Like with my dentist there is nothing unusual in this story, because so many people on the state payroll here have been doing the same thing, lashing money around like we were as rich as Germany instead of a poor little island hanging off the edge of Europe. This culture of entitlement, of always ordering the best and never considering the cost, has become engrained among the elite here.
It was an embarrassing story for the Greens and it had particular relevance over the past few days because the Greens were holding a special conference last weekend to see if they would continue in government with Fianna Fail.
The Greens have just a few Dail deputies, but they hold the balance of power. The next election is not until 2012, and so much has changed since Bertie Ahern brought them into the coalition that they felt they needed a renewed mandate from their members.
So at the end of last week they negotiated a changed program for government with Fianna Fail, and the Green party members met at the weekend to approve that and the NAMA plan to rescue the Irish banks.

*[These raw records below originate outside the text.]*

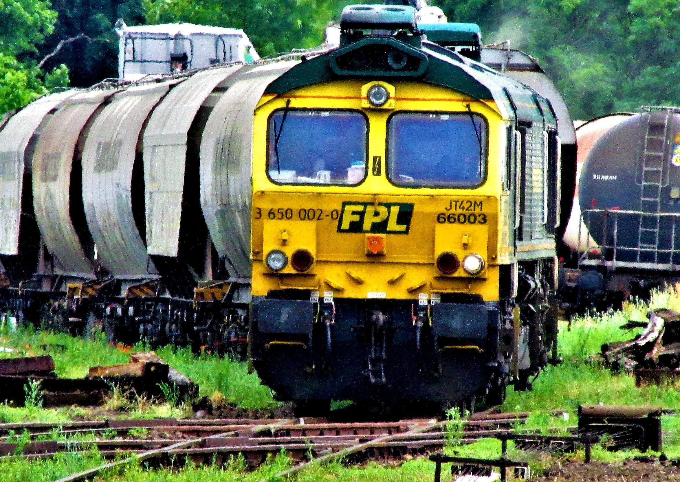 Nysa Yard, Freightliner Poland 66003 is built to UK loading gauge but has never been over here and contrasts with its Berne Gauge wagons.
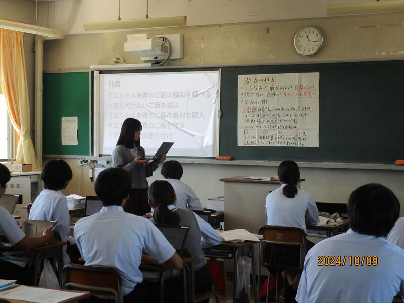ドレス製作、様々な調理実習の作品などの説明があり、1・2年生は一生懸命話を
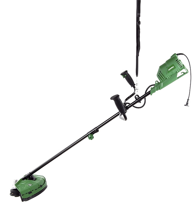 Електрична коса APRO 1600ss призначена для тривалої роботи завдяки живленню від побутової мережі — потужність стабільна, не залежить від заряду акумулятора чи рівня палива. Максимальна потужність до 1600 Вт дозволяє справлятися з трав'яними заростями та молодими пагонами кущів товщиною до 20 мм. Двигун розташований у верхній частині штанги, що забезпечує оптимальний баланс та захист мотора від вологи. Тример має повністю розбірну конструкцію зі збірною штангою та регулюваною рукояткою типу "велосипедне кермо" — інструмент адаптується під зріст будь-якого користувача та зручно транспортується. Металевий кожух захищає оператора від уламків, а резинові накладки на рукоятках ефективно гасять вібрацію.
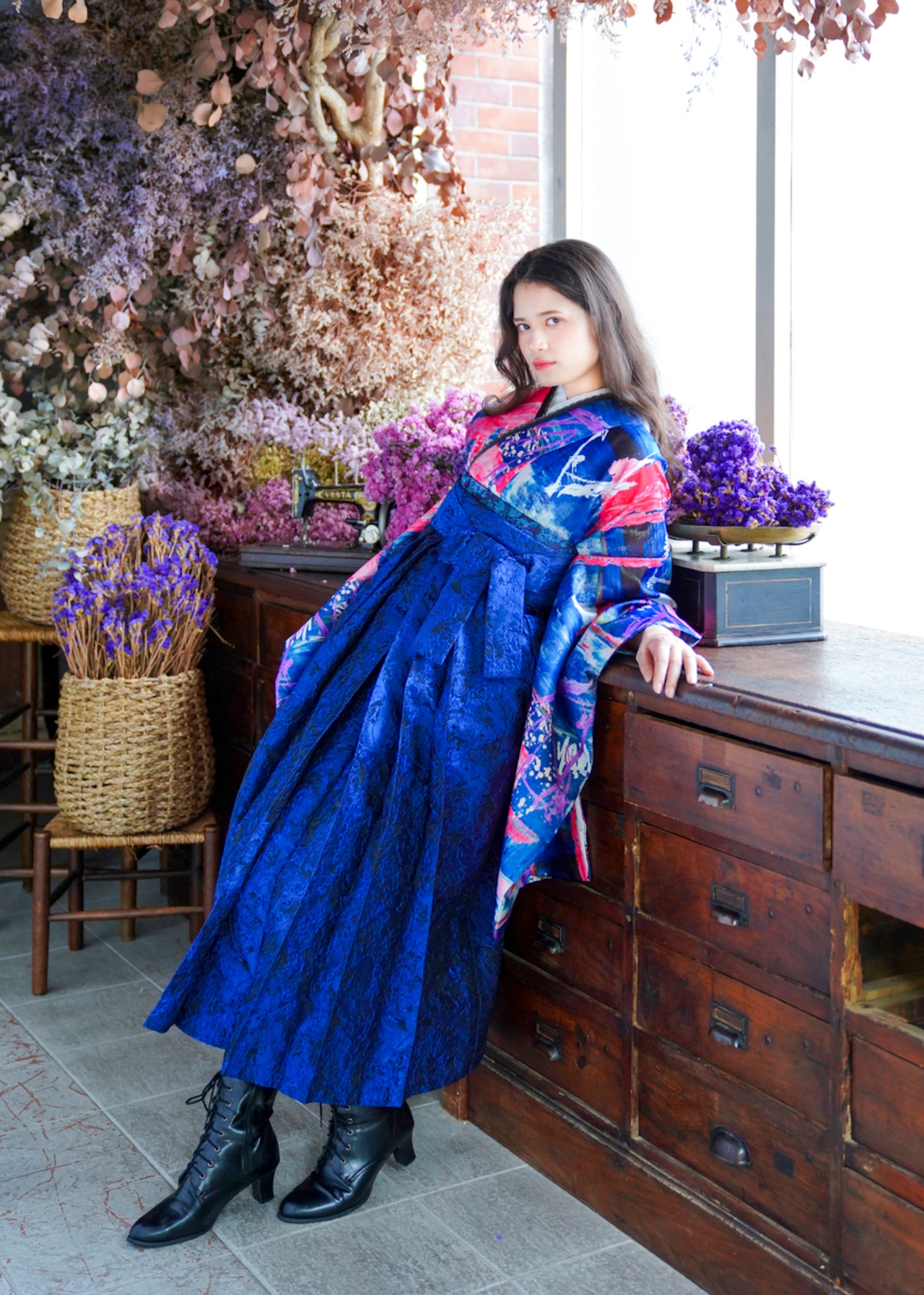 鮮やかなレッドとブルーを大胆に取り入れたアート調の着物に、深いロイヤルブルーの袴を合わせた、存在感抜群のスタイル。
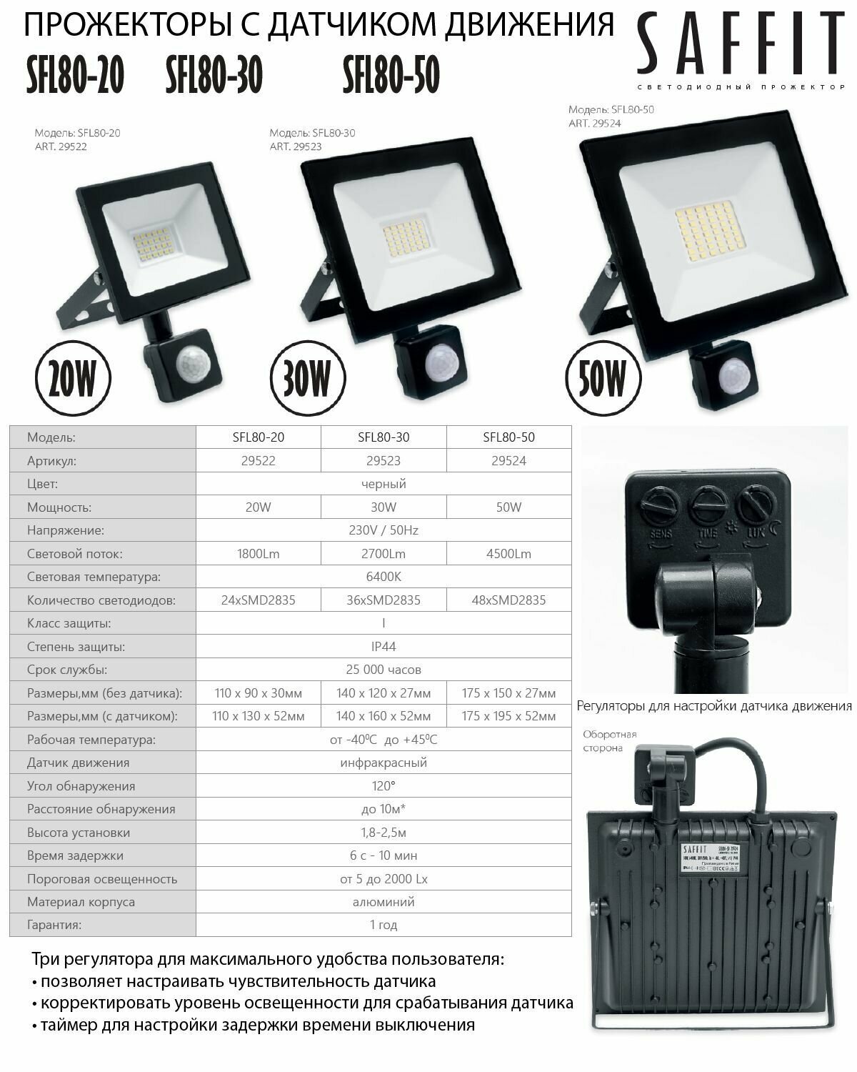 Светодиодный прожектор SAFFIT SFL80-30 IP65 30W 6400K с выносным датчиком движения, черный, 29523
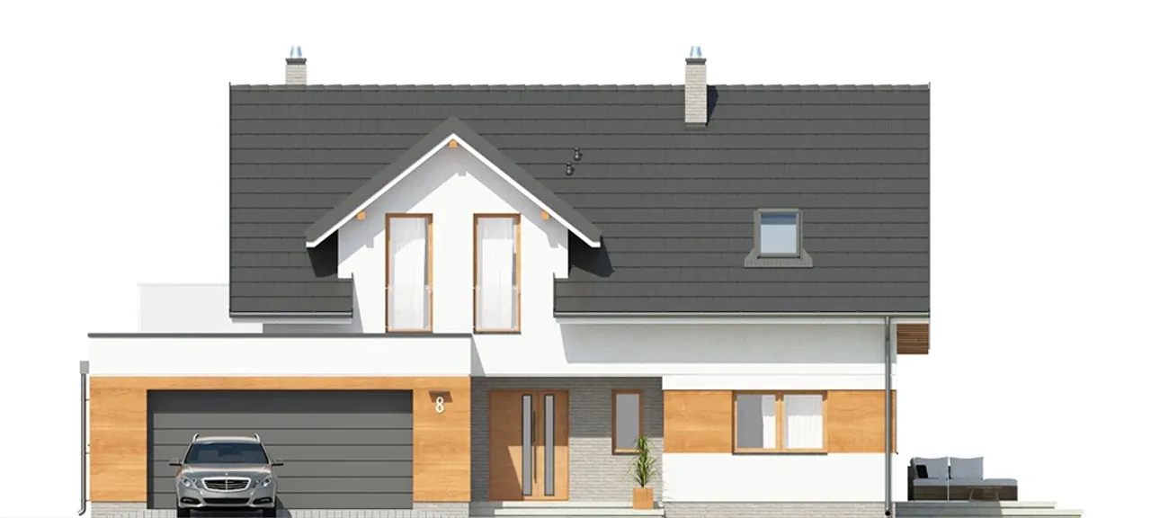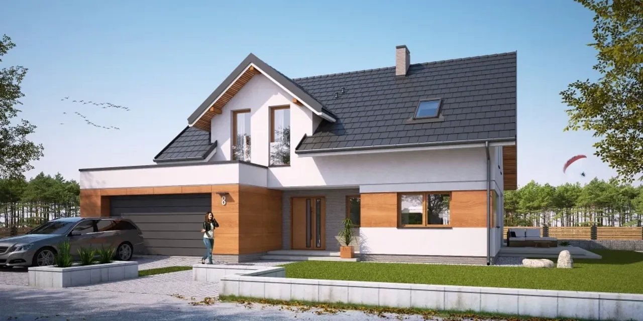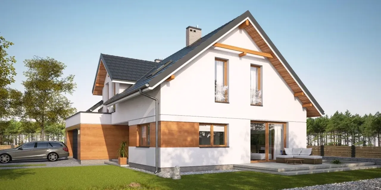 Uniwersalny dach dwuspadowy z lukarnami, podwójny garaż z bezpośrednim wejściem do części mieszkalnej i żelbetowe stropy wpisują projekt w aktualne trendy budownictwa. Wysokiej klasy materiały oraz solidne rozwiązania konstrukcyjne tworzą bazę, która sprawdzi się przez lata, a innowacyjne elementy - jak rolety zewnętrzne i strefowanie funkcji - odpowiadają na nowoczesne potrzeby mieszkańców.
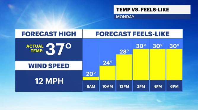 MONDAY: Sun and clouds with breezy winds. Highs: mid-30s. Lows: upper 10s to low 20s.
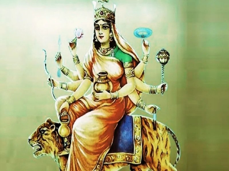 शास्त्रों में मां कूष्मांडा को अष्टभुजा देवी के नाम से भी संबोधित किया गया है। इनके हाथों में धनुष, बाण, चक्र, गदा, अमृत कलश, कमल और कमंडल सुशोभित है.आठवें हाथ में वे सभी सिद्धियों और निधियों को देने वाली जप माला धारण करती हैं। शास्त्रों में बताया गया है कि जब सब जगह अंधकार ही अंधकार था, तब माता ने अपने इस स्वरूप से ब्रह्मांड का सृजन किया था। माता कूष्मांडा शेर की सवारी करती हैं।
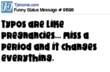 X  Typos are like pregnancies... miss a period and it changes everything.
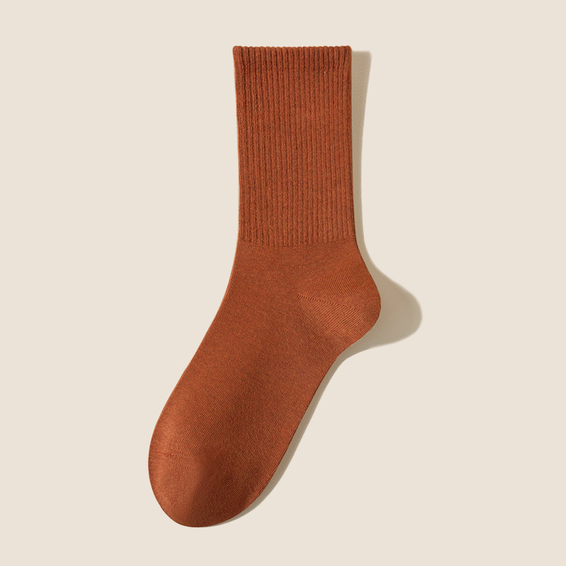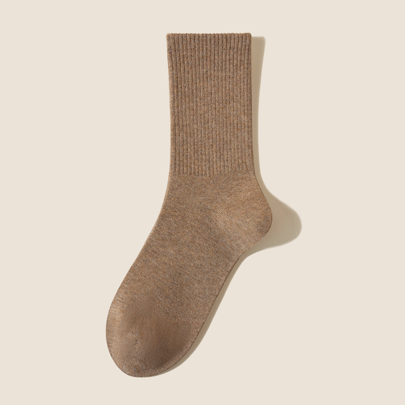 여성용 봄가을 순면 중목 양말, 무봉제 커피색 롱 양말, 사계절 면 양말, 가을겨울 하이탑 메일라드 롱 양말
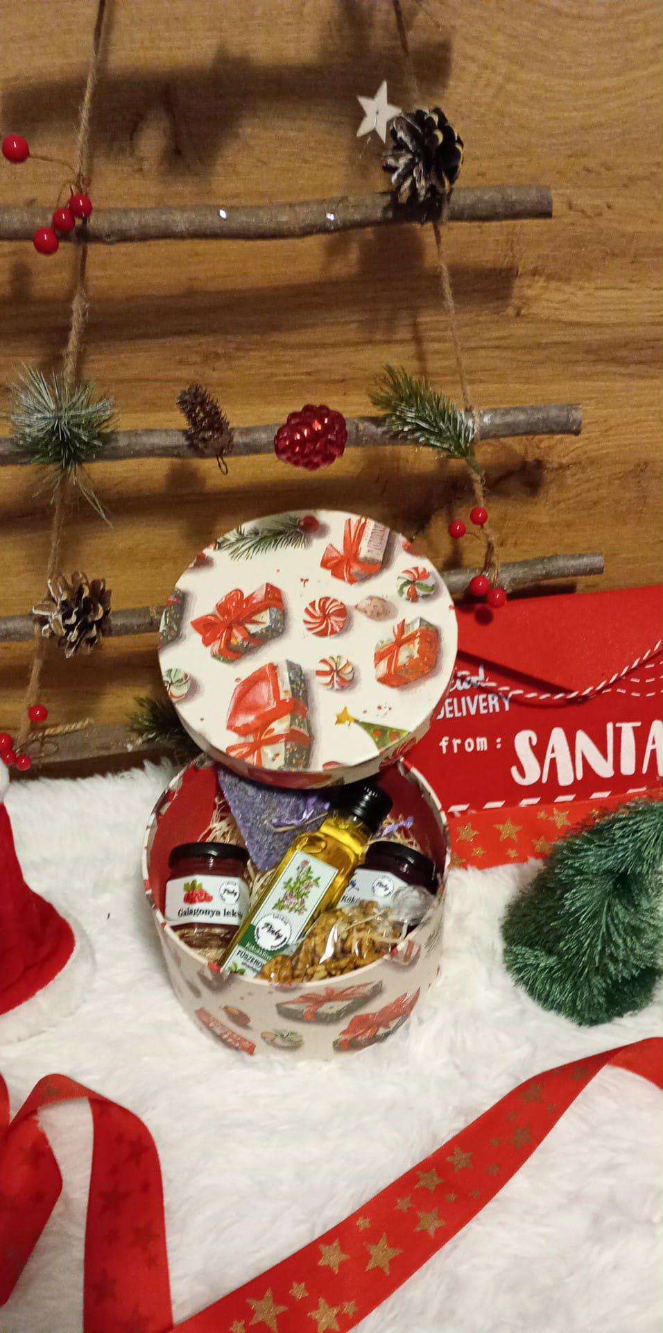 Összetétel: kakukkfűves fűszerolaj extra szűz olívaolajjal, galagonya lekvár, levendula zsák, dió, kökény lekvár,

Leaving aside the absurdity of a few hundred members of the brown rice brigade deciding the future of the country, the "new program" they were voting on was naive and contradictory to the point of being dangerous. Needless to say they accepted it, because like Fianna Fail they know if there was an election now they would be annihilated.
The program actually contained very little of real substance. There are to be water charges at some point, some kind of carbon tax and some kind of limits on tax loopholes for the wealthy among other things. It's finger in the dyke stuff, vague and hopelessly inadequate in terms of the huge budgetary problems the country faces.
Even worse was the way the program avoided the core problem facing us -- the need to bridge the huge gap between state spending and tax revenue that has opened up here after the property collapse. We're spending over €55 billion and getting around €32 billion in tax, and the figures keep getting worse.
The shortfall has to be borrowed and that cannot continue or we really will go bust. And there are no easy answers.
One-third of all state spending goes on welfare payments and another one-third on pay for state workers, so there has to be major cuts in those areas if we are to start getting the budget back in line.
The money to keep us going in the meantime is coming from the European Central Bank, and we have agreed with the European Union to a program of cuts over the next three or four years - this year we have to cut a whopping €4 billion from state spending.
What did the Greens have to say about this? Nothing.
What did they have to say about the real hot potato, the necessity to cut state sector pay and pensions, which are very high by British and European standards? Nothing.
They did agree that the government must reduce the cost of the state services, but at the same time they promised to employ more, not fewer, state workers. Because they think education is important (don't we all) they promised to hire 500 extra school teachers and to dump the plan Fianna Fail was working on to reintroduce university fees.
They did this without making any proposals on teacher pay, even though the average teacher here earns 30 percent more than in Britain, and university staff in Ireland are among the highest paid in Europe.
How are the Greens going to plug the gap in the state finances? "We will stabilize the public finances through a combination of taxation and expenditure savings," they say. Which tells us nothing.
So at the very time when real leadership is needed here to get the population to face up to the tough choices ahead, the Greens give us waffle. They have no detailed proposals about the deep cuts we need to make to restore our competitiveness and protect jobs in the real - not state - economy.
At the very time when we need to wake up to reality and cut back on state spending before the International Monetary Fund (IMF) comes in, the Greens carry on as before. I wonder is our dentist a party member?